Two of the four predictions had to do with the lax nature of IoT security, where the root cause seems to be that IoT lends itself to a kind of carelessness. Small devices don’t get the security scrutiny that laptops or data-center servers do, neither from designers nor from end users, writes Derek Manky, Fortinet’s global security strategist.
For example, a tendency to use default settings and passwords opens the door to attacks on machine-to-machine (M2M) connections, Manky writes. A tool called Shodan even lets you search for some of these devices.
“We have already begun to see regional trends where such information is used to ascertain not only whether a family is home or not, but also how far away they are or how long they are expected to be gone,” Manky writes.
The cut-and-paste nature of IoT code helps make some vulnerabilities “endemic,” he adds. “And since the majority of these devices are headless, there is no way to even update or harden them.”

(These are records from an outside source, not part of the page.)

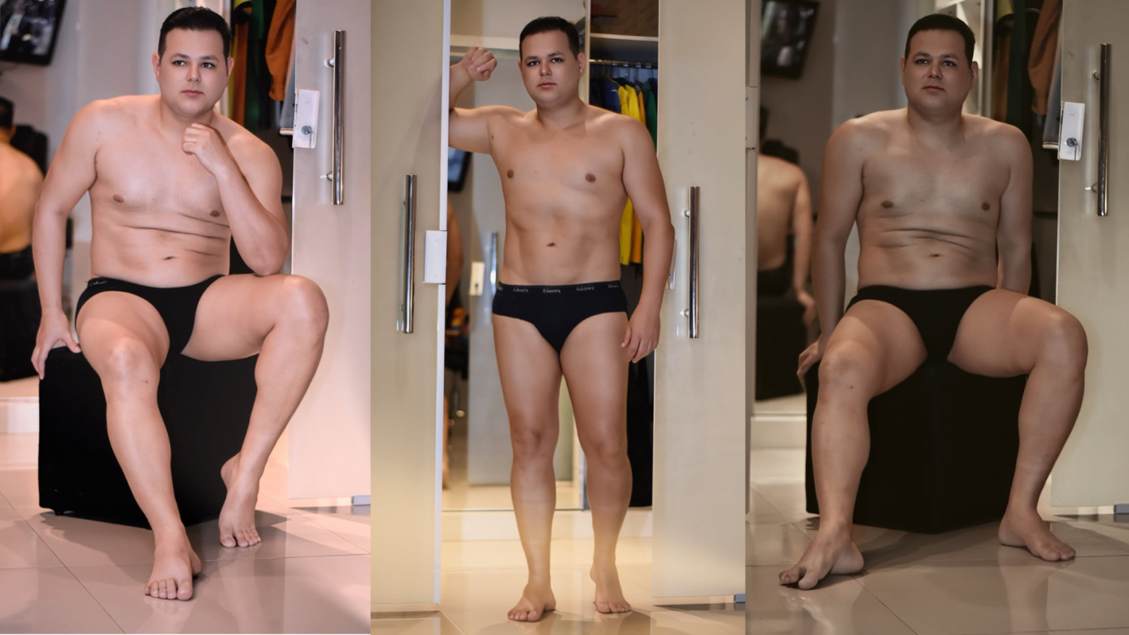 Nas últimas três imagens do carrossel de fotos, Divino posa apenas de cueca.
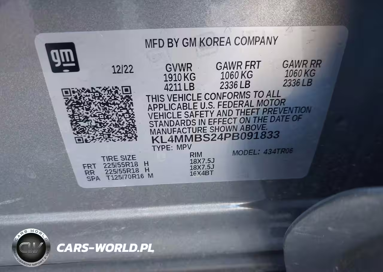 IAAI Nr: I-43957082 VIN: KL4MMBS24PB091833 Port: Houston, TX
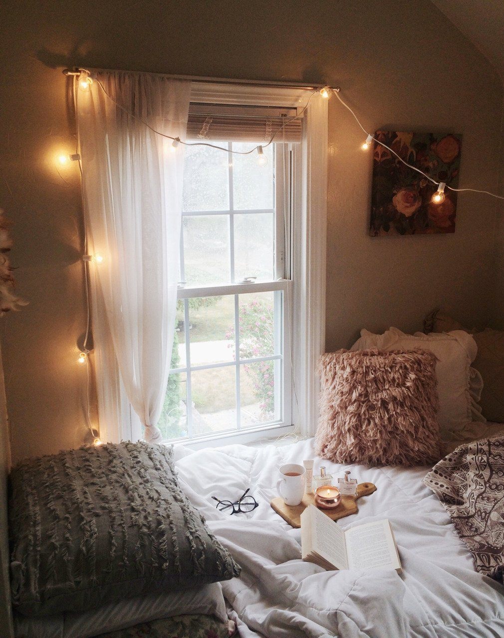 Уютная комната с гирляндами
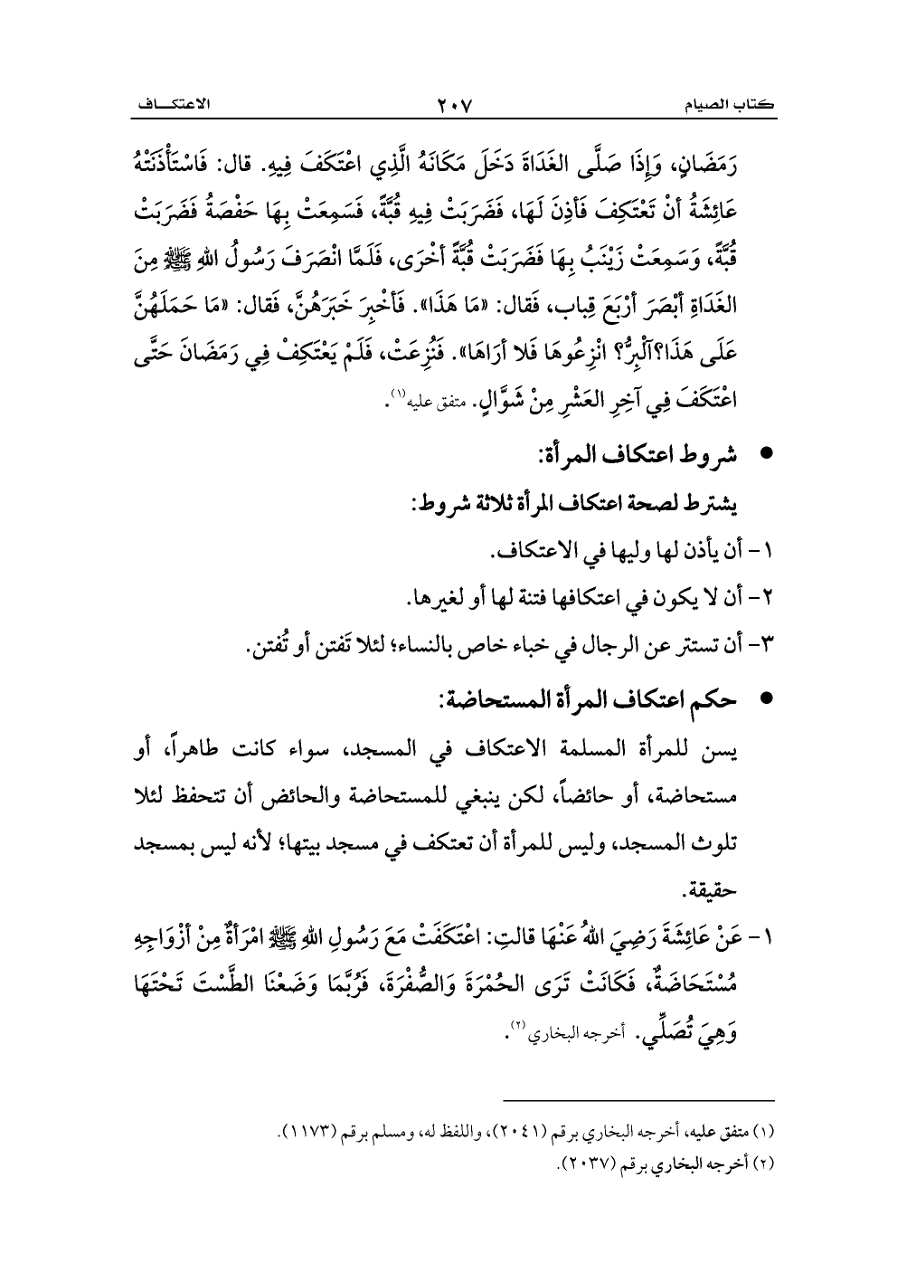 رَمَضَانٍ، وَإِذَا صَلَّى الغَدَاةَ دَخَلَ مَكَانَهُ الَّذِي اعْتَكَفَ فِيهِ. قال: فَاسْتَأْذَنَتْهُ عَائِشَةُ أنْ تَعْتَكِفَ فَأذِنَ لَهَا، فَضَرَبَتْ فِيهِ قُبَّةً، فَسَمِعَتْ بِهَا حَفْصَةُ فَضَرَبَتْ قُبَّةً، وَسَمِعَتْ زَيْنَبُ بِهَا فَضَرَبَتْ قُبَّةً أخْرَى، فَلَمَّا انْصَرَفَ رَسُولُ اللهِ - صلى الله عليه وسلم - مِنَ الغَدَاةِ أبْصَرَ أرْبَعَ قِباب، فَقال: «مَا هَذَا». فَأخْبِرَ خَبَرَهُنَّ، فَقال: «مَا حَمَلَهُنَّ عَلَى هَذَا؟ آلْبِرُّ؟ انْزِعُوهَا فَلا أرَاهَا». فَنُزِعَتْ، فَلَمْ يَعْتَكِفْ فِي رَمَضَانَ حَتَّى اعْتَكَفَ فِي آخِرِ العَشْرِ مِنْ شَوَّالٍ. متفق عليه (¬1).
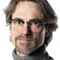 Porträttfoto av David Nilsson, föreståndare för KTH Vattencentrum. Han bär glasögon och en stickad polotröja.
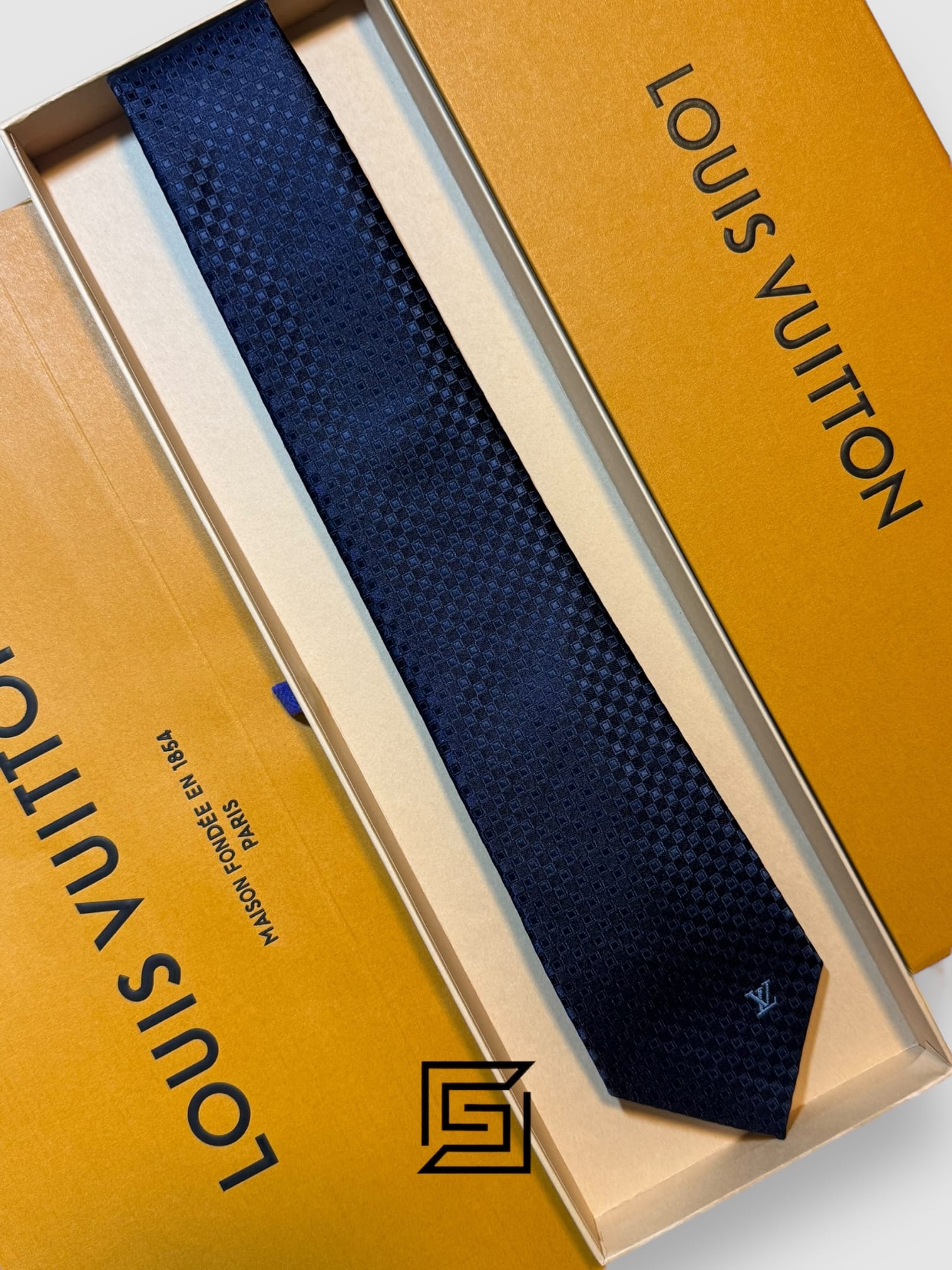 Authentic Louis Vuitton navy blue silk sunglasses (8cm x 148cm). Includes original box and bag. A luxurious accessory for any occasion. Shop now!

Ransomware has also found its way to IoT, as Manky notes. One high-profile example got demonstrated at the DEF CON conference earlier this month, when researchers from PenTest Partners showed they could hijack a smart thermostat.

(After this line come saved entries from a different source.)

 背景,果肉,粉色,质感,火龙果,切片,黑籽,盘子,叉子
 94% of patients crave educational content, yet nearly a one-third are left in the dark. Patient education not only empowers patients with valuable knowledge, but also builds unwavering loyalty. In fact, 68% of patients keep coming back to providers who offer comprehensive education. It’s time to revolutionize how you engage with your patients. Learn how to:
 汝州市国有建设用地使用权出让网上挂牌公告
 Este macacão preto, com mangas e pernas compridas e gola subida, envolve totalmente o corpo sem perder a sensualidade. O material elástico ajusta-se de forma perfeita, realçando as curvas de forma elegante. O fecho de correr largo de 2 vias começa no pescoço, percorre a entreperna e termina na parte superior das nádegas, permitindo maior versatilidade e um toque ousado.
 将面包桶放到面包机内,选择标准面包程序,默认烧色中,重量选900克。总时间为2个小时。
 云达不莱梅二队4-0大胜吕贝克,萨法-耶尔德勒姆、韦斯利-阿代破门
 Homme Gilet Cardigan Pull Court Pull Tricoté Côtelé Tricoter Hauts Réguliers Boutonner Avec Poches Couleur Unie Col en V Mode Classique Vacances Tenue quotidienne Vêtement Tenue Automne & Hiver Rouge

Just as IoT devices are headless, so are attackers. Another Fortinet prediction was that unmanned worms and viruses would be unleashed to attack unmonitored IoT devices.

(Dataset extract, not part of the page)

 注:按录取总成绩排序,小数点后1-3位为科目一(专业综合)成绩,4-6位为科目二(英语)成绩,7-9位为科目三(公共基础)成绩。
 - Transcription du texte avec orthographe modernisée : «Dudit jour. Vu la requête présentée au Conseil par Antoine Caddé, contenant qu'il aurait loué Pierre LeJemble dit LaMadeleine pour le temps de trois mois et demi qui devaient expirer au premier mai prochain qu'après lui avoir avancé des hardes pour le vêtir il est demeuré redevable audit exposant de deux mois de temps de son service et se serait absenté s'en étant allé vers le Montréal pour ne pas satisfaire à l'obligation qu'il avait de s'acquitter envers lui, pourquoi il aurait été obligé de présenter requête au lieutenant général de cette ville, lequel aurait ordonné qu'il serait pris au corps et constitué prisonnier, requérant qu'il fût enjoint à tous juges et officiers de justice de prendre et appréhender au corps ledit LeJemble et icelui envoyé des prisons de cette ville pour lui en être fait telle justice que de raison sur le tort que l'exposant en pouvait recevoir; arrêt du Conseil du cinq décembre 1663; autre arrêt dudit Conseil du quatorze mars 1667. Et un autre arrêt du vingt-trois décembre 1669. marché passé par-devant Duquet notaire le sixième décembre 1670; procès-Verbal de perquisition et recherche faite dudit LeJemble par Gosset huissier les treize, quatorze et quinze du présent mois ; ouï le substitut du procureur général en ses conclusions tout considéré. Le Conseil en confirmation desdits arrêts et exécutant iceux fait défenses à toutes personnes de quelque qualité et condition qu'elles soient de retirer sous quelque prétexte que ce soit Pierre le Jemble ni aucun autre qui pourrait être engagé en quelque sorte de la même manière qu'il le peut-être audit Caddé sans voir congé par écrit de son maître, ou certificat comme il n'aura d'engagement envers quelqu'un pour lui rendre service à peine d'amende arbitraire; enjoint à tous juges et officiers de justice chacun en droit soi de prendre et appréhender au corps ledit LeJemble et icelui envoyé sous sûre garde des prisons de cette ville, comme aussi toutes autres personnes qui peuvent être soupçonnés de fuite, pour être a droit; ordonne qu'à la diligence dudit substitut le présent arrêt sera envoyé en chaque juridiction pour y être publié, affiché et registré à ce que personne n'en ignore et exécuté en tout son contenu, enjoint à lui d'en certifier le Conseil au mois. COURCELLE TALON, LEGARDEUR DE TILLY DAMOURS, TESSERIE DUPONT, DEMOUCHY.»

That one seems inevitable; in fact, it sounds like the kind of thing that’s already happening whether IT security teams are aware of it or not. Manky cites the June discovery of a botnet that had spread to 25,000 closed-circuit TV devices, which then became the vehicles for distributed denial-of-service (DDoS) attacks.
“This is a perfect example of a criminal hijacking of dumb devices and then weaponizing them,” he writes, cheerily adding that there aren’t many options for updating or hardening these devices.